▶ Source material:
***

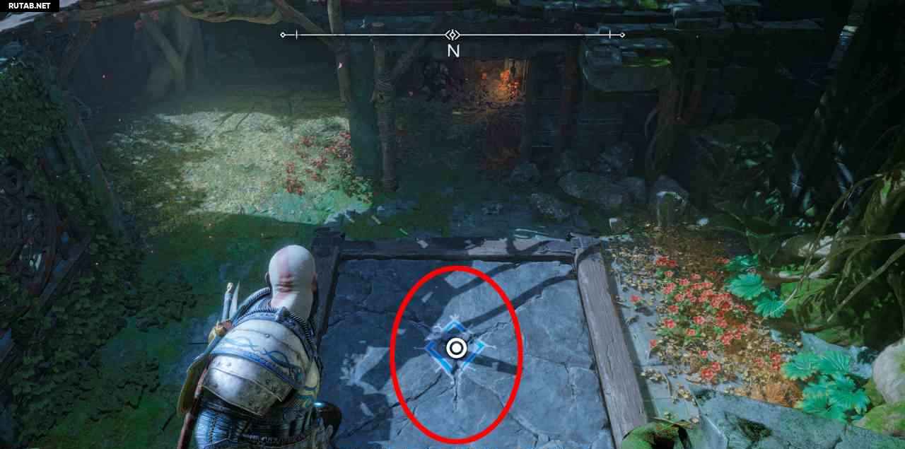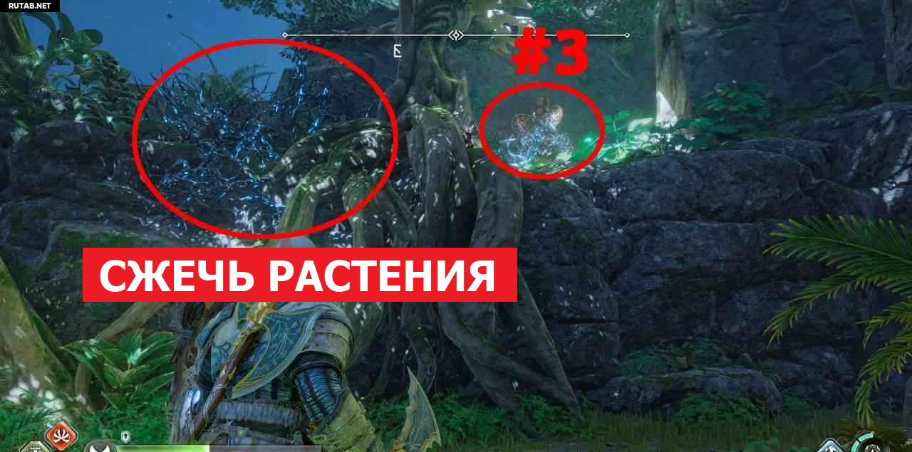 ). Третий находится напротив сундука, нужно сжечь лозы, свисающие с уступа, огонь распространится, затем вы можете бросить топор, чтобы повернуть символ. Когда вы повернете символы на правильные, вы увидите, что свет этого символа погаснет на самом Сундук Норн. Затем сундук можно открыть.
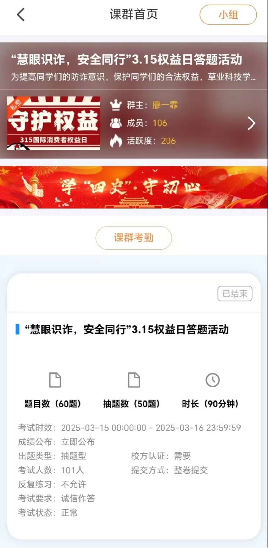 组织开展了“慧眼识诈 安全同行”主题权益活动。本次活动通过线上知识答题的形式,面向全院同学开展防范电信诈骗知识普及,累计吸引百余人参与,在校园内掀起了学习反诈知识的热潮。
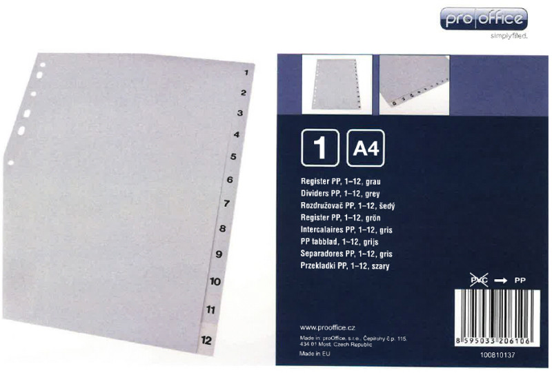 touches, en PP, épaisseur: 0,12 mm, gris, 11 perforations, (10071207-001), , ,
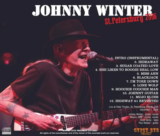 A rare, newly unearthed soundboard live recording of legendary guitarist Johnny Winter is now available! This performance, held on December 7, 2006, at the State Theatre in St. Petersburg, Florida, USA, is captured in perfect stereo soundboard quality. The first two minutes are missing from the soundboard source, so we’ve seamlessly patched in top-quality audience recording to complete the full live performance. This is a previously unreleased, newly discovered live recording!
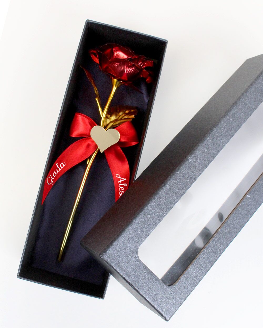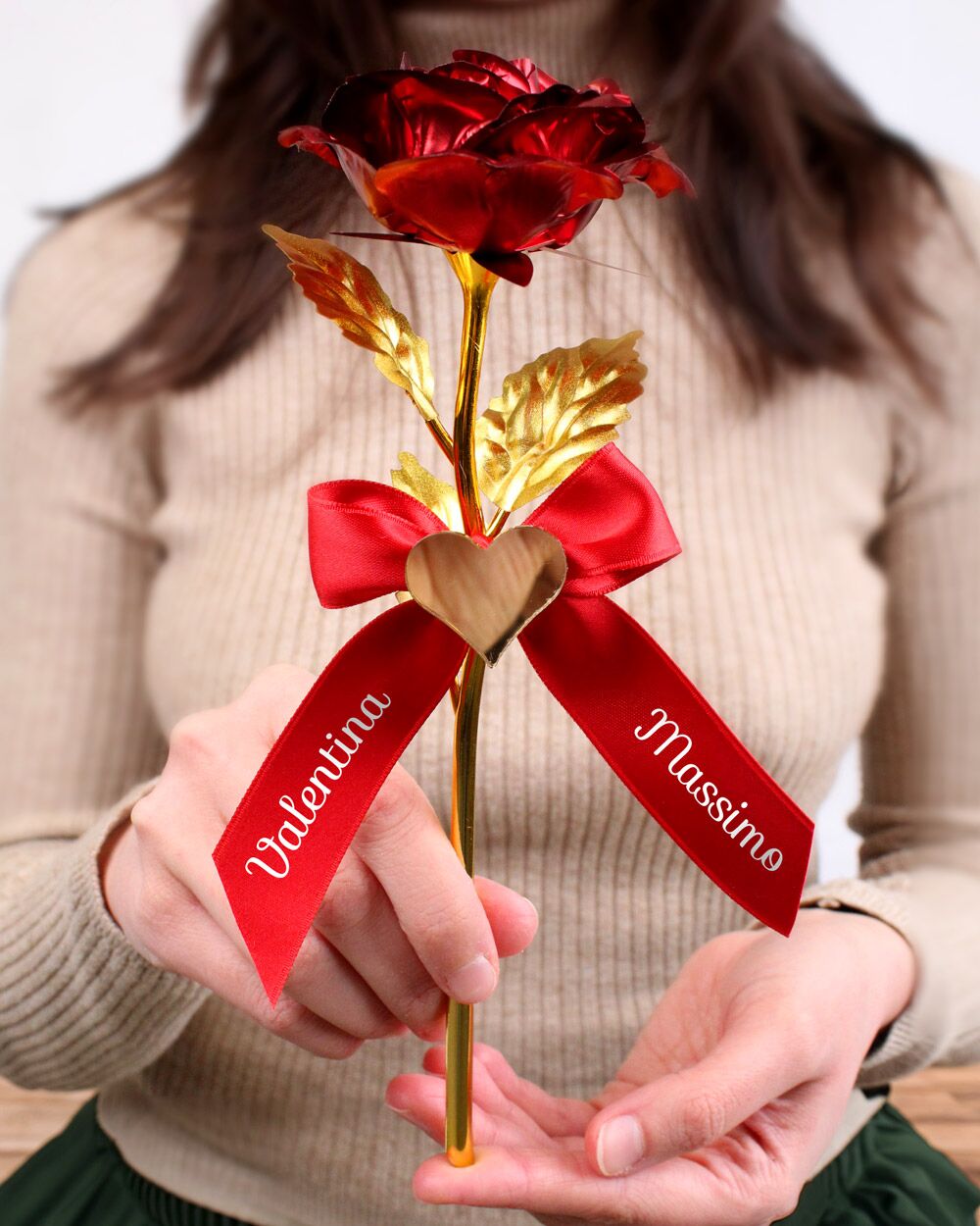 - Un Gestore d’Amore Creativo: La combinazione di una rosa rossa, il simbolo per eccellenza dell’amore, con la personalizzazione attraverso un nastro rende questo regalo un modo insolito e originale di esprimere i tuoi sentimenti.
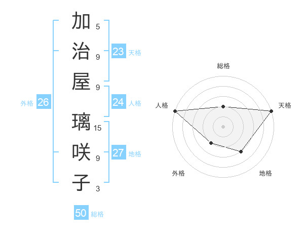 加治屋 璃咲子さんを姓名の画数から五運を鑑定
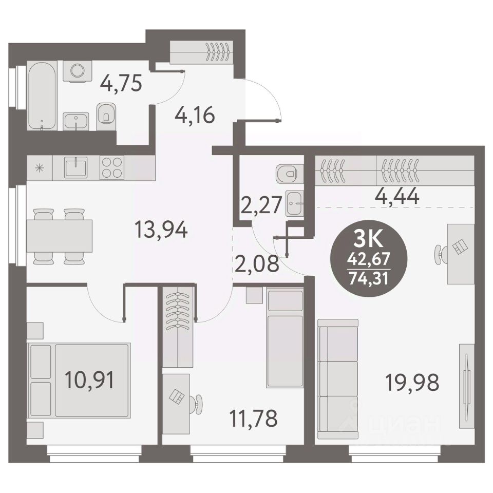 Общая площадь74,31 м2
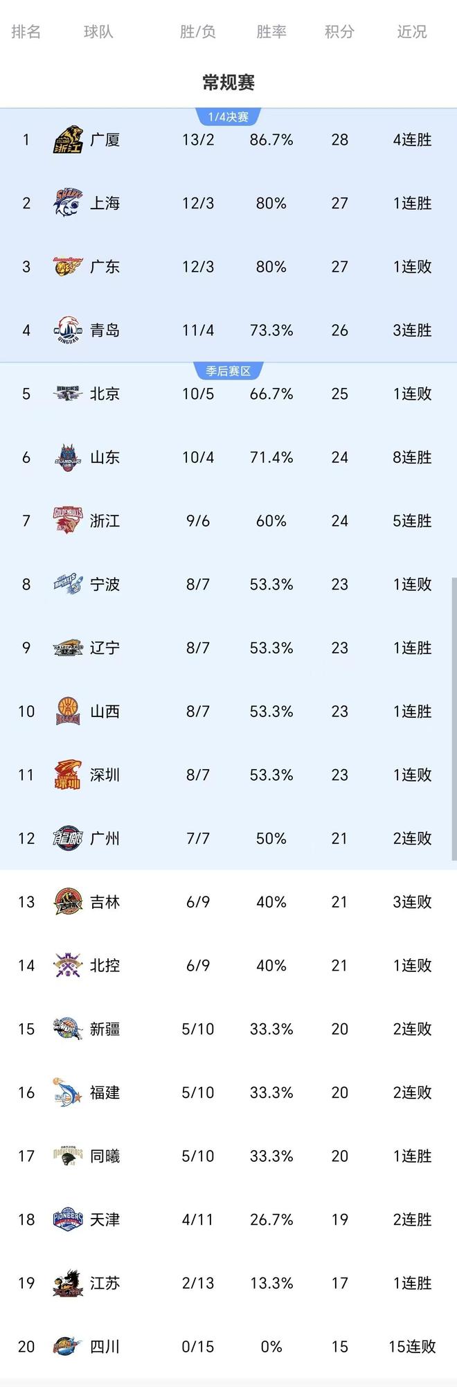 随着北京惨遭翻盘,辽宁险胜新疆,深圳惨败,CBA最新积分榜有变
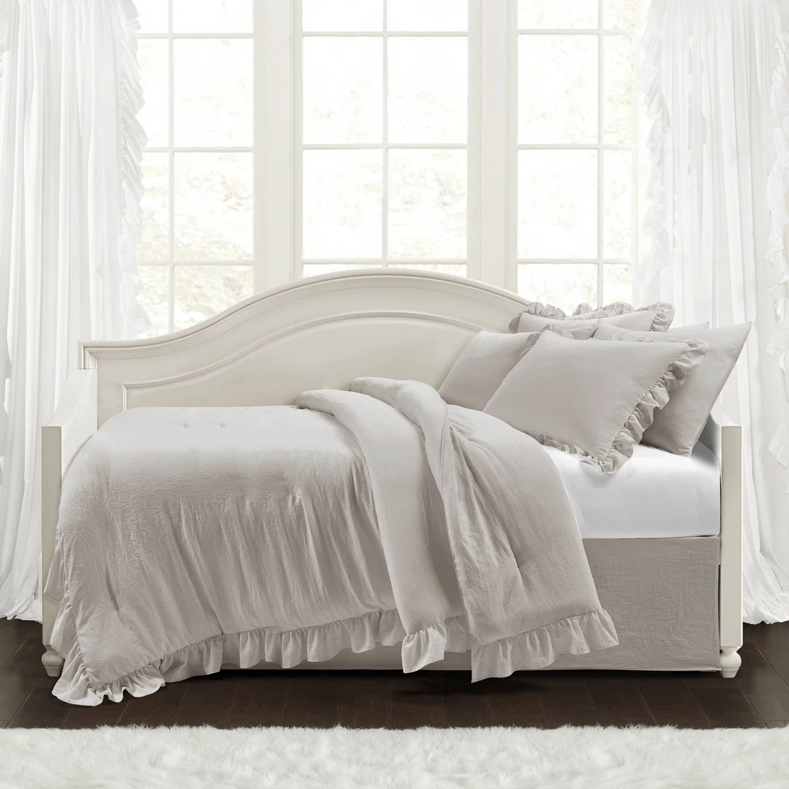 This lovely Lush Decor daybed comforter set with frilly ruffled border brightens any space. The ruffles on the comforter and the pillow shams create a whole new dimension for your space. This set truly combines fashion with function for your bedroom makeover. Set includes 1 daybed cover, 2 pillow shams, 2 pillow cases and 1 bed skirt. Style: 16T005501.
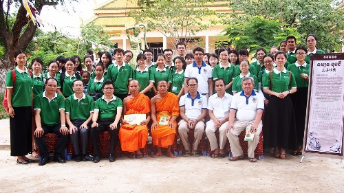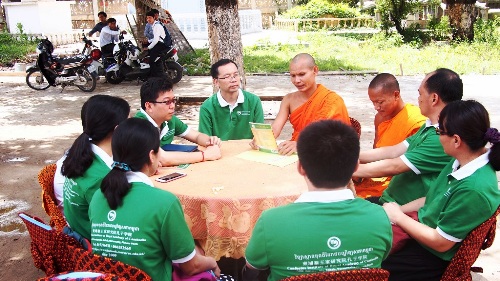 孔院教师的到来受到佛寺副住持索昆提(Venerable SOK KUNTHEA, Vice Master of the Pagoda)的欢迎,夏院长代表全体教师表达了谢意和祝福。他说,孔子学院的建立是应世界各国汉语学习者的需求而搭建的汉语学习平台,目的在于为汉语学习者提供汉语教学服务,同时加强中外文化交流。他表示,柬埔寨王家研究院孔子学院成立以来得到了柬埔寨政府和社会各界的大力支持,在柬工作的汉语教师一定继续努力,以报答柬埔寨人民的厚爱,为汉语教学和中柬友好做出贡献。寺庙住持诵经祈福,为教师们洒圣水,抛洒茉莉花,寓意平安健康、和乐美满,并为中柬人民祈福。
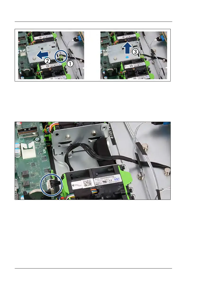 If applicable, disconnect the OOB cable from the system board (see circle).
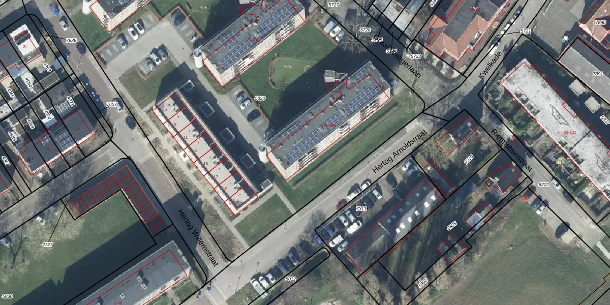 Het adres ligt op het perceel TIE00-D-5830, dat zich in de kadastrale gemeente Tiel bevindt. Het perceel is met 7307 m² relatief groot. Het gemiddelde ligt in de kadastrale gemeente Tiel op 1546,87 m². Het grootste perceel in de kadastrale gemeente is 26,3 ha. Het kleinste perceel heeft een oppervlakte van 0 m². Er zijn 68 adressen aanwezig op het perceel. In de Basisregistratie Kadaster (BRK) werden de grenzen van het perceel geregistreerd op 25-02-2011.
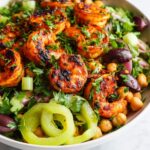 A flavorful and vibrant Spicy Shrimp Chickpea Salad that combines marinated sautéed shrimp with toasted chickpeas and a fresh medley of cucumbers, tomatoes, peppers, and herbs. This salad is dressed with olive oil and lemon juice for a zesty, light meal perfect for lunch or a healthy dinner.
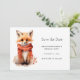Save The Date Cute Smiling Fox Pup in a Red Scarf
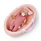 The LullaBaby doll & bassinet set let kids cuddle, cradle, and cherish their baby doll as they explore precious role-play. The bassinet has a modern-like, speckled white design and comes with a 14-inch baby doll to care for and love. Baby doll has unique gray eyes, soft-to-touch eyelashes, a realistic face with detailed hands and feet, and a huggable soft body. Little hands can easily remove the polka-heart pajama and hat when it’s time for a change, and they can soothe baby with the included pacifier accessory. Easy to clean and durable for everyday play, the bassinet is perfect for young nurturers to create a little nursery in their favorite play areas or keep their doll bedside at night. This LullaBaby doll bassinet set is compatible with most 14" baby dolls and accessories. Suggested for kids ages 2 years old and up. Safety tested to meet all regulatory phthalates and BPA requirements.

***

▶ Task:
Every line above between the one containing "touches, en PP, épaisseur: 0,12" and the one containing "A rare, newly", those two included, is to be printed exactly. No pictures go into the copy.

▶ Completed exercise:
 touches, en PP, épaisseur: 0,12 mm, gris, 11 perforations, (10071207-001), , ,
 A rare, newly unearthed soundboard live recording of legendary guitarist Johnny Winter is now available! This performance, held on December 7, 2006, at the State Theatre in St. Petersburg, Florida, USA, is captured in perfect stereo soundboard quality. The first two minutes are missing from the soundboard source, so we’ve seamlessly patched in top-quality audience recording to complete the full live performance. This is a previously unreleased, newly discovered live recording!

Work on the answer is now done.